◆ **Data segment**
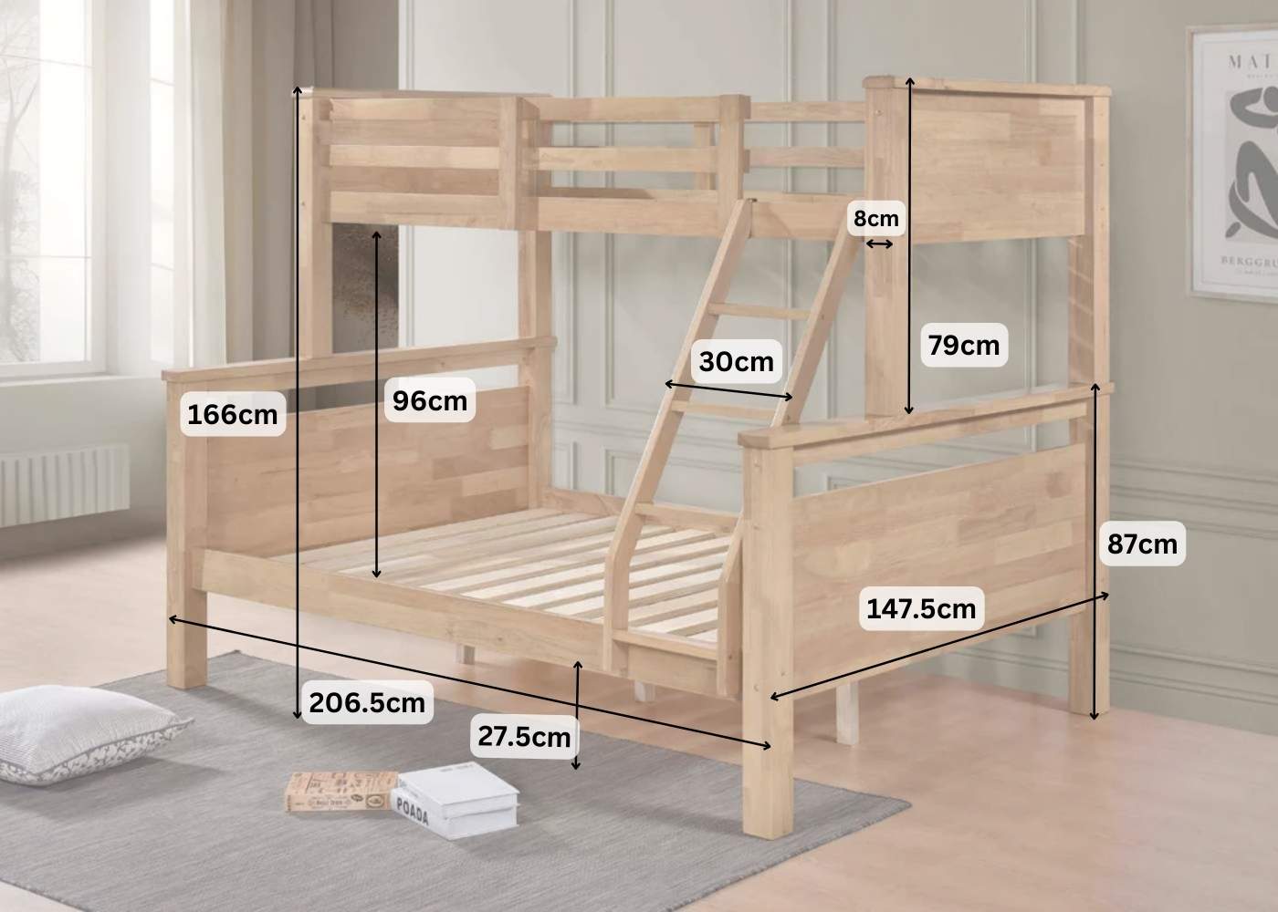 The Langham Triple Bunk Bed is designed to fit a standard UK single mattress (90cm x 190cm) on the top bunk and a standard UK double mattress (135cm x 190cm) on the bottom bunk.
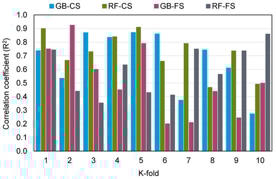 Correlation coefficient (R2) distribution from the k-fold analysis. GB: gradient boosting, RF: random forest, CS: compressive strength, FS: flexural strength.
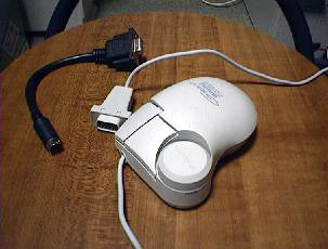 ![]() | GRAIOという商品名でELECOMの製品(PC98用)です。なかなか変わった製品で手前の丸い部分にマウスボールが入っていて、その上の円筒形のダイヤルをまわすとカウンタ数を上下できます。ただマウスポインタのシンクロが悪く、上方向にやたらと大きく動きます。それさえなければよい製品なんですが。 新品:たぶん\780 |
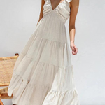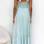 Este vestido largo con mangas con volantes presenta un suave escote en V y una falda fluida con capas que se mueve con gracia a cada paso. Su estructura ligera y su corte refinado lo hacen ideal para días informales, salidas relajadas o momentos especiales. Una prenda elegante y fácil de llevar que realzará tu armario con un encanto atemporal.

◆ **The problem**
The data above is to be printed exactly, all of it, except for the pictures.

◆ **Exercise output**
 The Langham Triple Bunk Bed is designed to fit a standard UK single mattress (90cm x 190cm) on the top bunk and a standard UK double mattress (135cm x 190cm) on the bottom bunk.
 Correlation coefficient (R2) distribution from the k-fold analysis. GB: gradient boosting, RF: random forest, CS: compressive strength, FS: flexural strength.
 ![]() | GRAIOという商品名でELECOMの製品(PC98用)です。なかなか変わった製品で手前の丸い部分にマウスボールが入っていて、その上の円筒形のダイヤルをまわすとカウンタ数を上下できます。ただマウスポインタのシンクロが悪く、上方向にやたらと大きく動きます。それさえなければよい製品なんですが。 新品:たぶん\780 |
 Este vestido largo con mangas con volantes presenta un suave escote en V y una falda fluida con capas que se mueve con gracia a cada paso. Su estructura ligera y su corte refinado lo hacen ideal para días informales, salidas relajadas o momentos especiales. Una prenda elegante y fácil de llevar que realzará tu armario con un encanto atemporal.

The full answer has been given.